The Israeli company behind WhatsApp hack earlier this May has developed new technology that can clandestinely steal a user’s data from Apple, Google, Facebook, Amazon, and Microsoft.

According to The Financial Times — which reported the development — NSO Group’s Pegasus malware “has now evolved to capture the much greater trove of information stored beyond the phone in the cloud, such as a full history of a target’s location data, archived messages or photo.”

Hard Fork!

Hard Fork?

Hard Fork

Upon installation on the target’s phone, the new capability works by copying the login credentials of various services like Facebook Messenger, Google Cloud, iCloud, and others, and then using a separate server to mimic the phone, including its location.

This server then syncs all the information, including messages, photos, and location history, from the ‘connected’ device, and relays them back to the surveillance operators.

The report further states that the number of people whose cloud accounts may have been targeted by this latest technique is not yet known, although it appears NSO’s parent company Q-Cyber pitched the service to the government of Uganda.

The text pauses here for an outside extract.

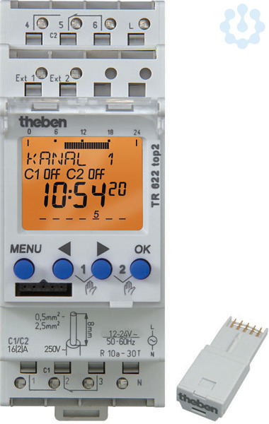 Digitale Zeitschaltuhr für DIN-Schiene, externe Eingänge, textorientierte Bedienerführung im Display, Breite 2 TE, Gangreserve und programmierte Sommer-/Winterzeitumstellung, Tages-und Wochenprogramm, DuoFix Steckklemmen, OBELISK-Schnittstelle für PC-Programmierung, Speicherkarte inklusive, 2 Kanäle

NSO Group is known for working with governments to install Pegasus spyware. It features advanced capabilities to jailbreak or root an infected mobile device, turn on the phone’s microphone and camera, scan emails and messages, and collect all sorts of sensitive information.

In May, the FT discovered a vulnerability in WhatsApp’s audio call feature that allowed attackers to inject iPhones and Androids with Pegasus. This prompted the Facebook-owned messaging service to issue a server-side update to patch the exploit.

The company maintains that its software is only sold to responsible governments to help foil terrorist attacks and crimes. But Pegasus has been found to be misused to track human rights activists and journalists around the world.

The report further states that while NSO Group denied building hacking or mass-surveillance tools for cloud services, it did not specifically deny that it had developed the new surveillance feature. Some of the big tech companies mentioned in the report are now said to be investigating the claims at their end.

The new revelations come at a time when cloud adoption is accelerating at a rapid pace, with security and privacy emerging a top priority for major service providers. Risks from data loss and leakage remains a huge barrier to wider cloud adoption.

Cybersecurity firm Check Point’s 2019 Cloud Security Report early this week cited unauthorized cloud access and account hijacking as some of the major cloud vulnerabilities, stressing the need for stronger authentication mechanisms to safeguard users against such stealth attacks.

With passwordless authentication gaining momentum in recent years, it’s possible more systems will incorporate such secure standards in the future.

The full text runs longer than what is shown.